● About this exercise
Among the lines below, how many have the word "через"? The reply is that number alone.

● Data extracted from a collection

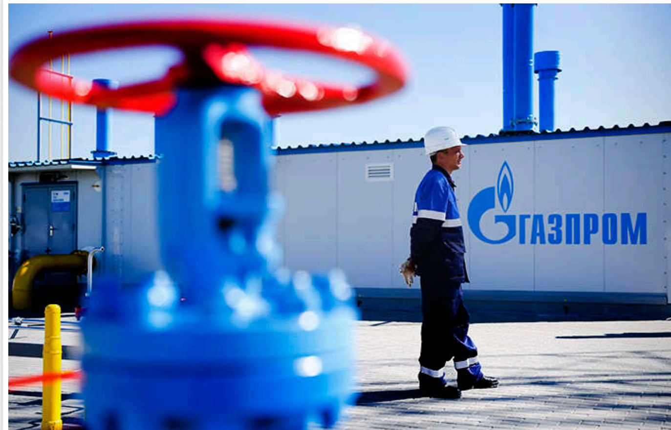
Російський "Газпром" офіційно підтвердив припинення транзиту газу через територію України

За заявою компанії, транзит зупинений через "відсутність технічної та юридичної можливості постачати газ".
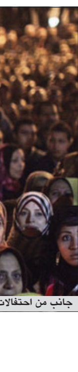
والشعور كانت حاضرة تخليدا لذكرى شهداء الثورة
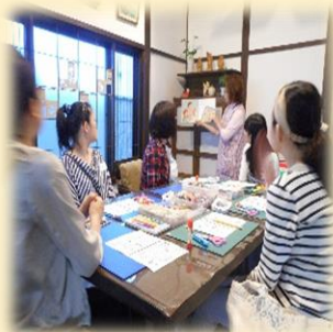
絵本の読みきかせ
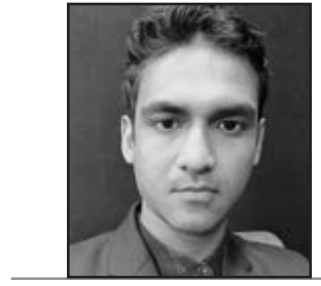
ସୁଦେଷୁ କୁମାର ବଳ

ନିର୍ମିତ । ଉପର ଦୁଇ ଭୁଜ ମଧ୍ୟରୁ ଦକ୍ଷିଣ ଭୁଜରେ ଖଡ୍ଗ ଓ ବାମ ଭୁଜରେ ଖର୍ଚ୍ଚିତ ଧାରଣା କରିଛନ୍ତି ଏବଂ ତଳ ଭୁଜ ଦୁଇଟି ମଧ୍ୟରୁ ଦକ୍ଷିଣ ଭୁଜରେ କରମାଳା ଓ ବାମ ଭୁଜରେ ଶିଶୁ କୃଷ୍ଣଙ୍କୁ କୋଳରେ ଧରିଛନ୍ତି । ଏହା ଏକମାତ୍ର ଶକ୍ତିପୀଠ, ଯେଉଁଠି ମା' କାଳୀ ଶ୍ରୀକୃଷ୍ଣଙ୍କୁ କୋଳରେ ଧରିଛନ୍ତି । ତେବେ ସିଂହ ପୃଷ୍ଠରେ ବିରାଜିତ ରହି କୋଳରେ ଶିଶୁ କୃଷ୍ଣଙ୍କୁ ଧରିଥିବାରୁ ଏହାକୁ
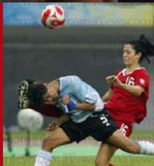
Wśród mężczyzn to by się raczej nie zdarzyło: Kanada ograła Argentynę w piłkę nożną (na Olimpiadzie w Pekinie).
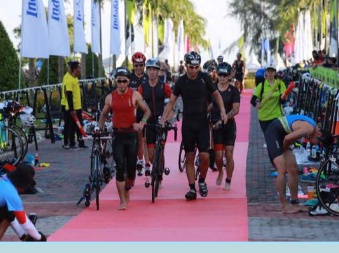
Peserta yang baru saja melewati rintangan berenang
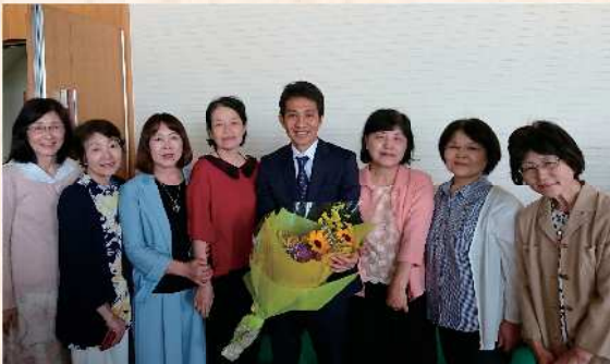
お世話になっている団体の集会で花束を頂戴する。
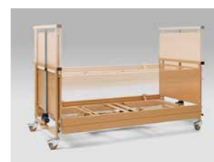
Verstellbereich von 30 bis 80 cm

● Exercise response
2